In brief, the A. F. of L. union skates are utilizing, exploiting the workers’ hate for company unions, stirring and intensifying it, focusing their thoughts and feelings on the company-union evil, exaggerating the power of company unionism, in order to keep them blind to the faults and shortcomings of the A. F. of L. organizations. This hate focused on the company unions makes the A. F. of L. group safe and free from criticism on the part of the workers, except the more intelligent ones, of course, who cannot be blinded so easily. Are the A. F. of L. unions weak and ineffective? Yes. But why? Because they have to contend with that awful enemy of organized labor, that great evil, the company unions. Hence, if the A. F. of L. unions are not what they should be, it is not their fault, out the company unions’, the bosses’, the Steel and Iron Institute’s. Also, by talking so furiously against company unions the A. F. of L. leaders make themselves appear friends of labor. Labor, ill-informed and bewildered, fearing and hating company unions, does not repudiate them. It allows itseIf to be “led” by them. This talking so furiously against company unions keeps labor from looking around for other leaders, from becoming a raw mass for a new movement, probably a radical, revolutionary movement, which, by and by, would displace “pure and simple” A. F. of L.

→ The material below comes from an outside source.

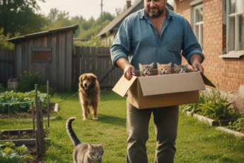Мамки котят дома не было. Недолго думая, Коля ухватил пушистиков в охапку вместе с тряпьём и перенёс
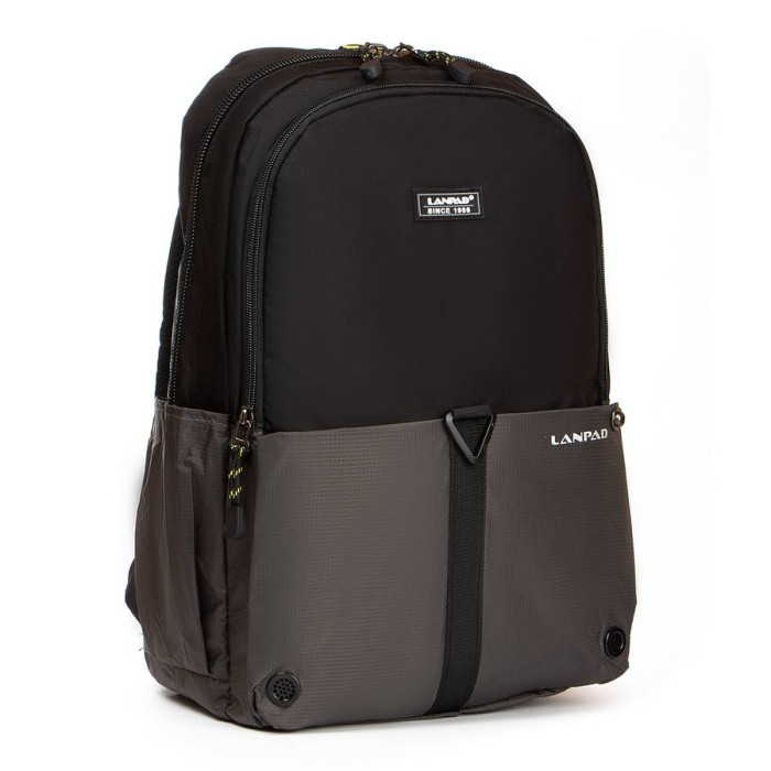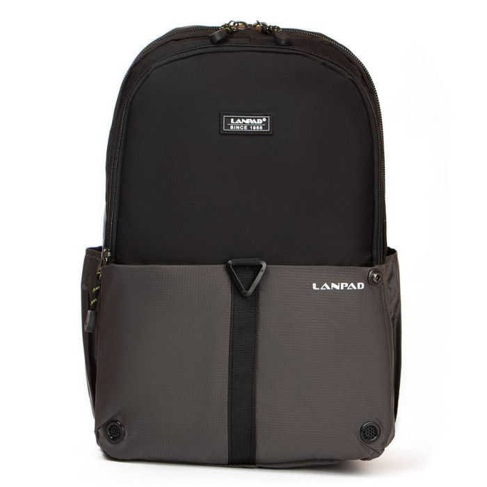 Рюкзак городской Lanpad. Два отделения, закрываются на молнии. Внутри основного есть боковой открытый карман для ноутбука и двойной открытый карман и карман на молнии. На фасаде находятся два карман на застежке-липучке, а на обратной стороне карман на молнии. На торцах рюкзака есть два открытых кармана.

The Steel and Iron Institute lately released some figures pertaining to company unions. It claimed that over 90 per cent of steel, iron, and tin workers were in company unions or in favor of such organizations. As a matter of fact, the overwhelming majority, probably over 90 per cent, of workers in the steel regions that I visited in Pennsylvania, Ohio, and West Virginia, are fiercely anti-company union. There are company unions in nearly every town, but few workers who have succeeded in overcoming their fear of not belonging to them have joined them.
Until very recently the company unions were comparatively unimportant in the workers’ consideration. Then the A. F. of L. spellbinders, fellows like “Shorty” Leonard, commenced to harp on them and thus built them up in the workers’ minds to an extent that thousands of men joined them because they were afraid that if they did not they would–according to the A. F. of L. union leaders, whom they heard talk–lose their jobs or suffer some other calamity. Thus A. F. of L. fakers acted as organizers of company unions!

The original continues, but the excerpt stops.